My wiki | Site / WhyDidMyRunCrash

Option 1: The forces on the atoms became too large to be stored in output.

You can know if this happened by looking at the run information outfile specified in the SBATCH header (--output). Look for this line:

   cudaMemcpy GpuBuffer::Download failed an illegal memory access was encountered

If this occurs occasionally, another replicate can be run to replace the experiment. If this occurs repeatedly, it is likely something went on earlier on in the process.

Option 2: A GPU was lost between Amber calls.

You can know if this happened by looking at the energy information outfile specified in the call to Amber (-o filename.out). The job will have terminated right after reading the input file with the lines:

 
   Note: ig = -1. Setting random seed to    14899 based on wallclock time in 
         microseconds.
   | irandom = 1, using AMBER's internal random number generator (default).

If this occurs, the job can simply be restarted at the point where the GPU was lost.
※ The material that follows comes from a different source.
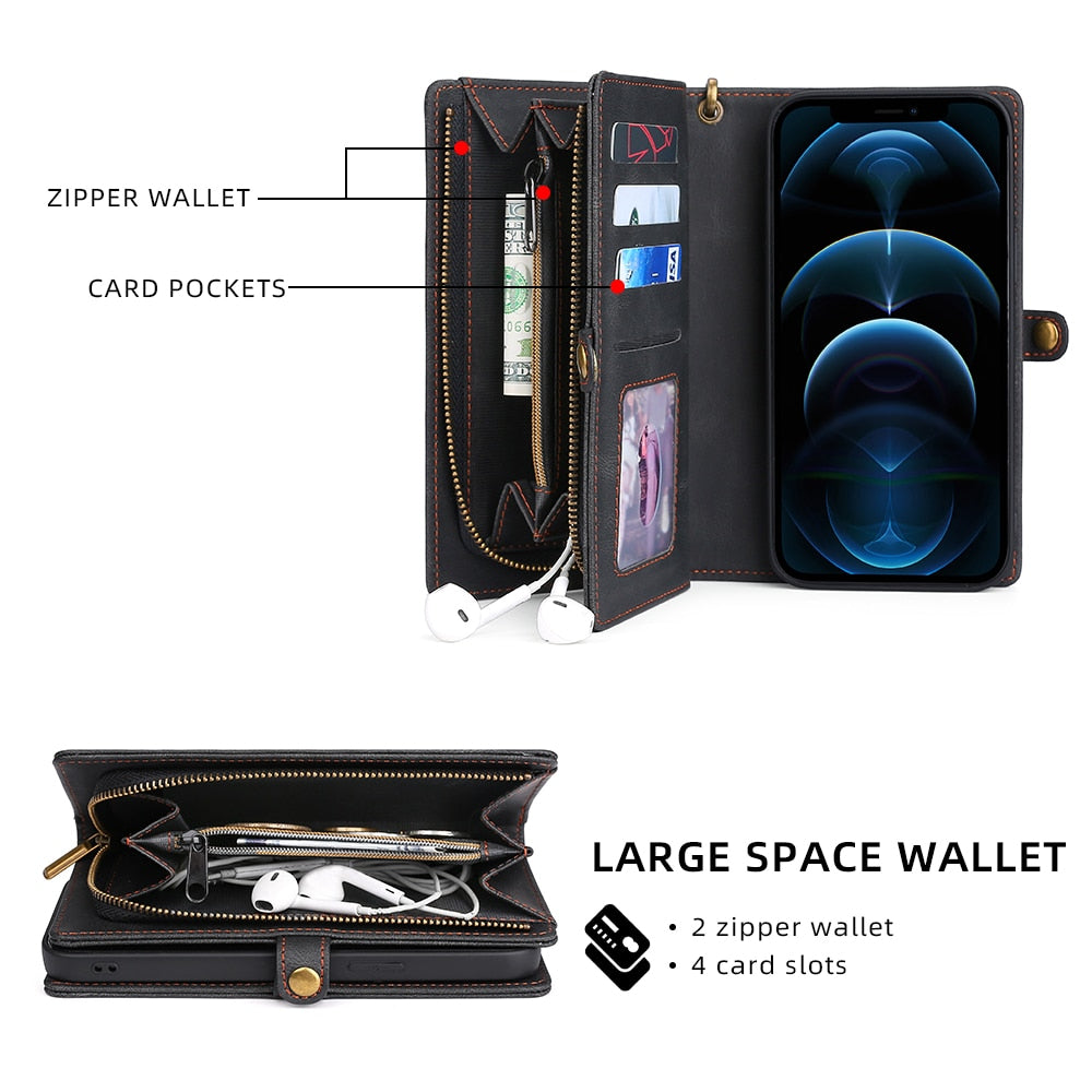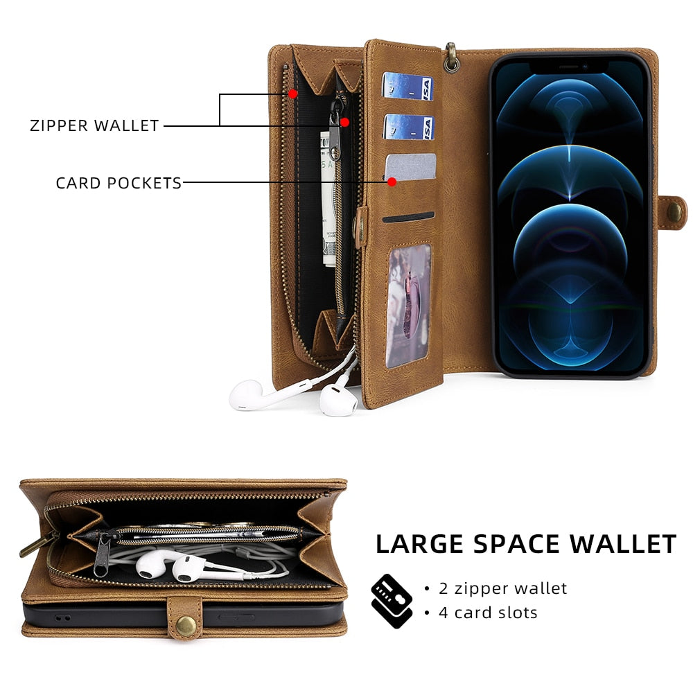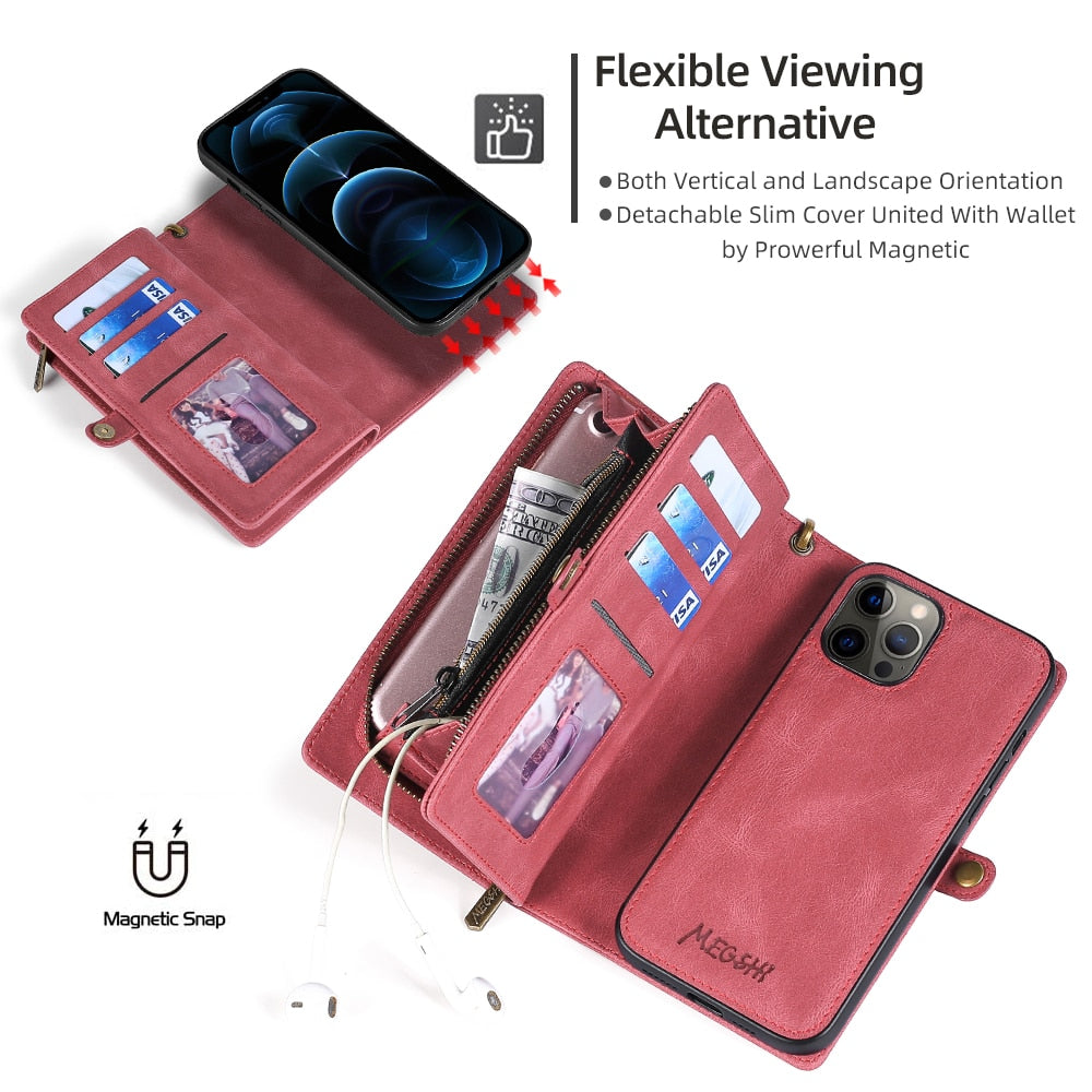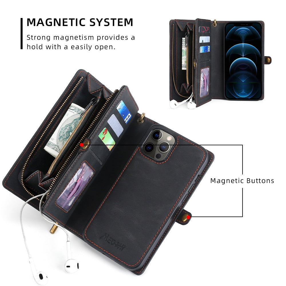 Protect your iPhone in style with a slim and functional shockproof leather wallet case.

Simply comment out calls to Amber that completed in your original job script and resubmit. For example, if the job was supposed to run experiments 1-4 and the GPU was lost between experiment 2 heat and experiment 2 equilibration, you can comment out everything before experiment 2 equilibration.

Option 3: A GPU was lost during the job.

There is no easy way to check for this but if you don't see either of the two outputs above, you can assume your GPU was lost in the middle of the job. Sometimes an entire compute node has an error, which can be seen as multiple jobs on the same node terminating around the same time. If you suspect this has occurred, you can simply comment out parts of the job that have already completed and resubmit the script (see option 2). One common scenario where this happens is during power outages.